From: KAMEZAWA Hiroyuki
Date: Mon Jan 25 2010 - 01:18:45 EST


Did several tests on x86-32 and I felt that sysctl value should be
printed on oom log... this is v3.

==
From: KAMEZAWA Hiroyuki <kamezawa.hiroyu@xxxxxxxxxxxxxx>

Default oom-killer uses badness calculation based on process's vm_size
and some amounts of heuristics. Some users see proc->oom_score and
proc->oom_adj to control oom-killed tendency under their server.
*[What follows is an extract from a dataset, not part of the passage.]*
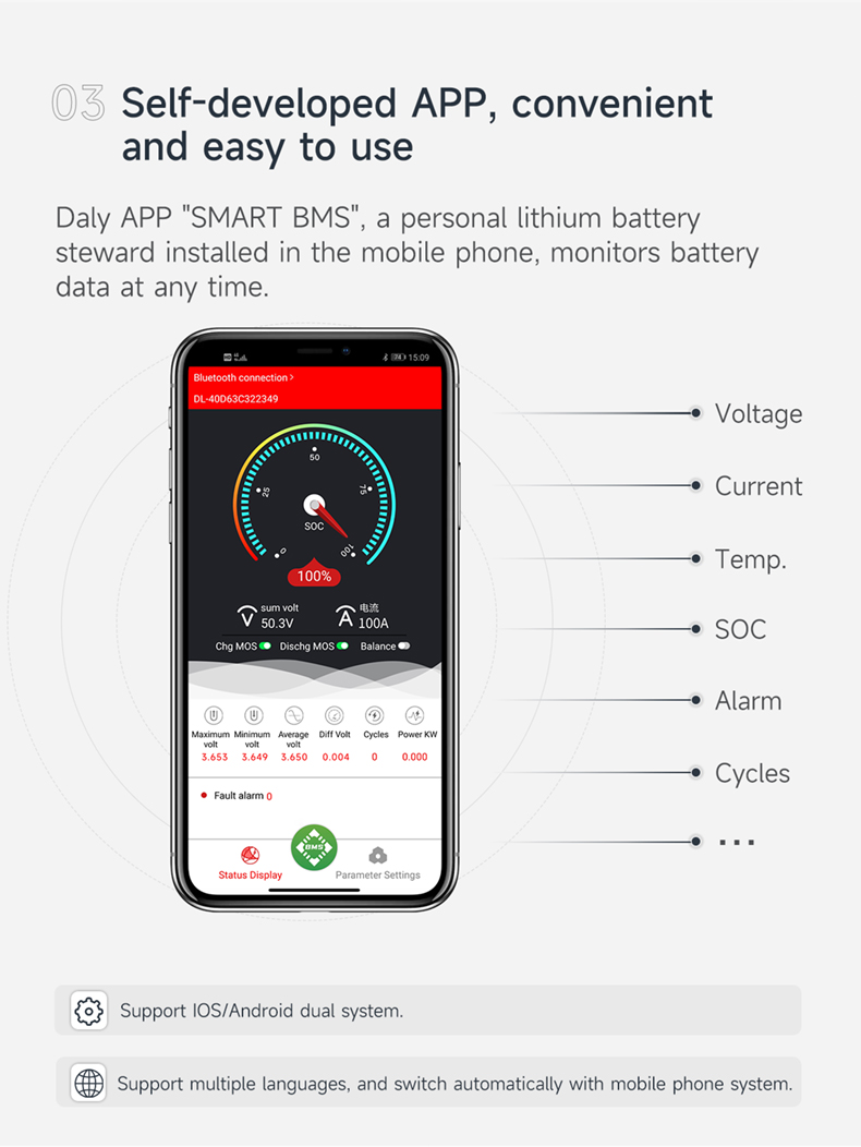 Dali BMS has three communication methods: UART/RS485/CAN, which can be connected to a PC sofeware or touch screen or mobile phone APP(bluetooth APP) to intelligently manage lithium batteries.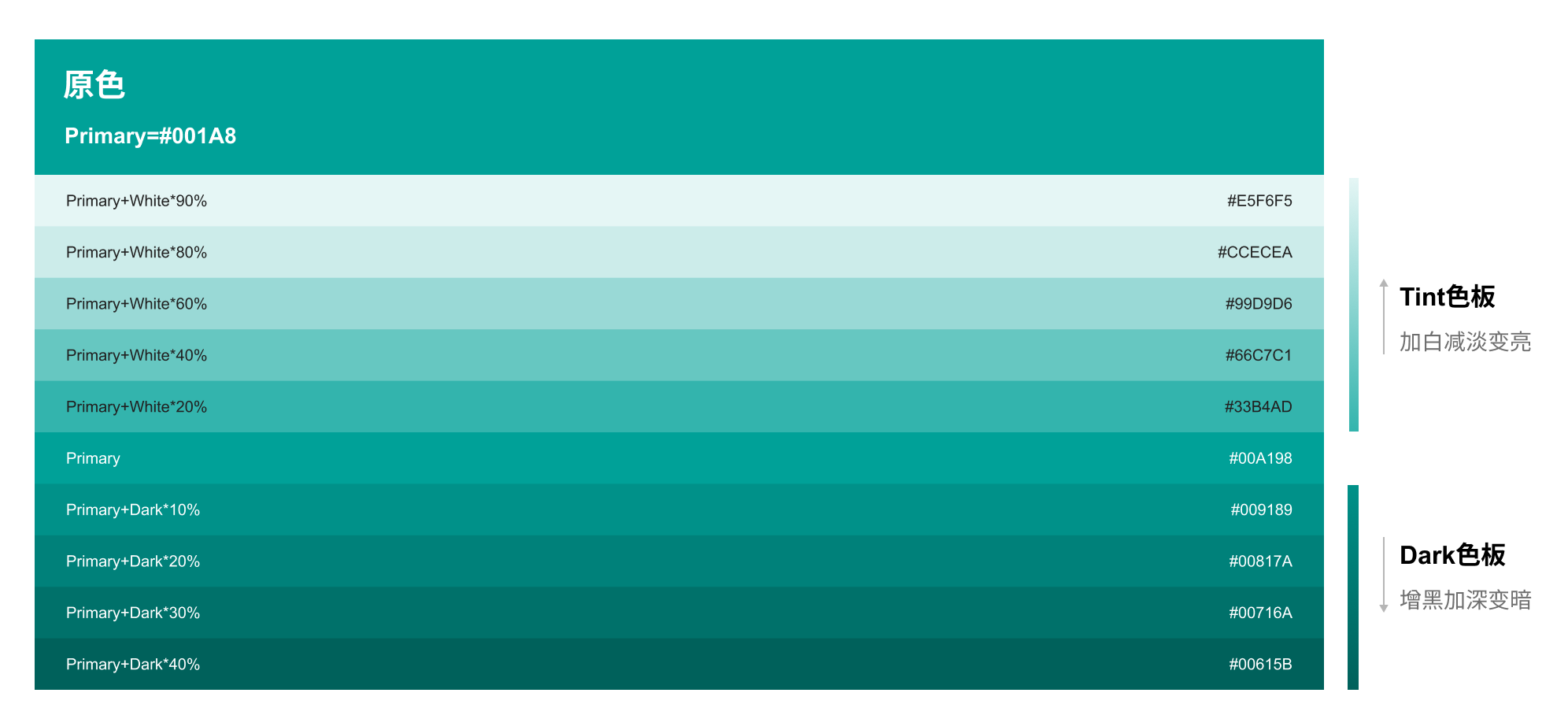 Tint色板=Primary+White*n%

Now, we know oom-killer don't work ideally in some situaion, in PCs. Some
enhancements are demanded. But such enhancements for oom-killer makes
incomaptibility to oom-controls in enterprise world. So, this patch
adds sysctl for extensions for oom-killer. Main purpose is for
making a chance for wider test for new scheme.

One cause of OOM-Killer is memory shortage in lower zones.
(If memory is enough, lowmem_reserve_ratio works well. but..)
I saw lowmem-oom frequently on x86-32 and sometimes on ia64 in
my cusotmer support jobs. If we just see process's vm_size at oom,
we can never kill a process which has lowmem.
At last, there will be an oom-serial-killer.

Now, we have per-mm lowmem usage counter. We can make use of it
to select a good victim.

This patch does
- add sysctl for new bahavior.
- add CONSTRAINT_LOWMEM to oom's constraint type.
- pass constraint to __badness()
- change calculation based on constraint. If CONSTRAINT_LOWMEM,
use low_rss instead of vmsize.

Changelog 2010/01/25
- showing extension_mask value in OOM kill main log header.
Changelog 2010/01/22:
- added sysctl
- fixed !CONFIG_MMU
- fixed fs/proc/base.c breakacge.

Reviewed-by: Minchan Kim <minchan.kim@xxxxxxxxx>
Signed-off-by: KAMEZAWA Hiroyuki <kamezawa.hiroyu@xxxxxxxxxxxxxx>
---
Documentation/sysctl/vm.txt | 16 +++++++
fs/proc/base.c | 5 +-
include/linux/oom.h | 1
kernel/sysctl.c | 10 ++++
mm/oom_kill.c | 92 ++++++++++++++++++++++++++++++++------------
5 files changed, 97 insertions(+), 27 deletions(-)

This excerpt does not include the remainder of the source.